__TASK TO COMPLETE__: Your output should be the lines below from the one holding "解密临沂清淤挖沙设备:揭秘超越想象的清淤技术,你知道吗?" through the one holding "Рис. 34а соответствует", transcribed exactly, with no pictures.

__RECORDS FOR PROCESSING__:
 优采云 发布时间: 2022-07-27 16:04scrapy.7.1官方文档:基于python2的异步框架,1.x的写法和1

--

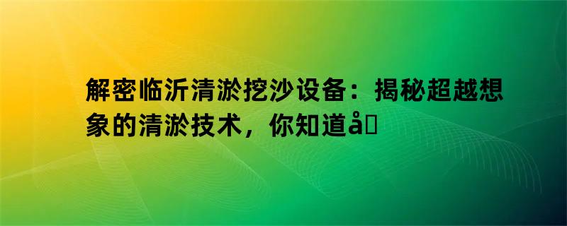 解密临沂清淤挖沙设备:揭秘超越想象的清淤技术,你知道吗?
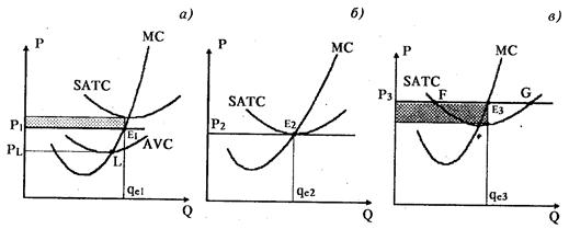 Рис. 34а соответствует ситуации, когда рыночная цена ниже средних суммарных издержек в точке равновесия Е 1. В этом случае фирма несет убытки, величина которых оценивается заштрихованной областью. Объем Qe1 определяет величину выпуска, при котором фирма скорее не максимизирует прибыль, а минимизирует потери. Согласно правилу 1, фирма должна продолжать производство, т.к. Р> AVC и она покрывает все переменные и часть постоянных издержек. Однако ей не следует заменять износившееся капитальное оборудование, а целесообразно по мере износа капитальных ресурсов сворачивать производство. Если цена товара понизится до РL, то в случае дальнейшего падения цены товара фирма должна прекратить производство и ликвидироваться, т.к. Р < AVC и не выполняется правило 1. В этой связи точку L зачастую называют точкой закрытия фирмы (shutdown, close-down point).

__ANSWER FOR THE TASK__:
 解密临沂清淤挖沙设备:揭秘超越想象的清淤技术,你知道吗?
 Рис. 34а соответствует ситуации, когда рыночная цена ниже средних суммарных издержек в точке равновесия Е 1. В этом случае фирма несет убытки, величина которых оценивается заштрихованной областью. Объем Qe1 определяет величину выпуска, при котором фирма скорее не максимизирует прибыль, а минимизирует потери. Согласно правилу 1, фирма должна продолжать производство, т.к. Р> AVC и она покрывает все переменные и часть постоянных издержек. Однако ей не следует заменять износившееся капитальное оборудование, а целесообразно по мере износа капитальных ресурсов сворачивать производство. Если цена товара понизится до РL, то в случае дальнейшего падения цены товара фирма должна прекратить производство и ликвидироваться, т.к. Р < AVC и не выполняется правило 1. В этой связи точку L зачастую называют точкой закрытия фирмы (shutdown, close-down point).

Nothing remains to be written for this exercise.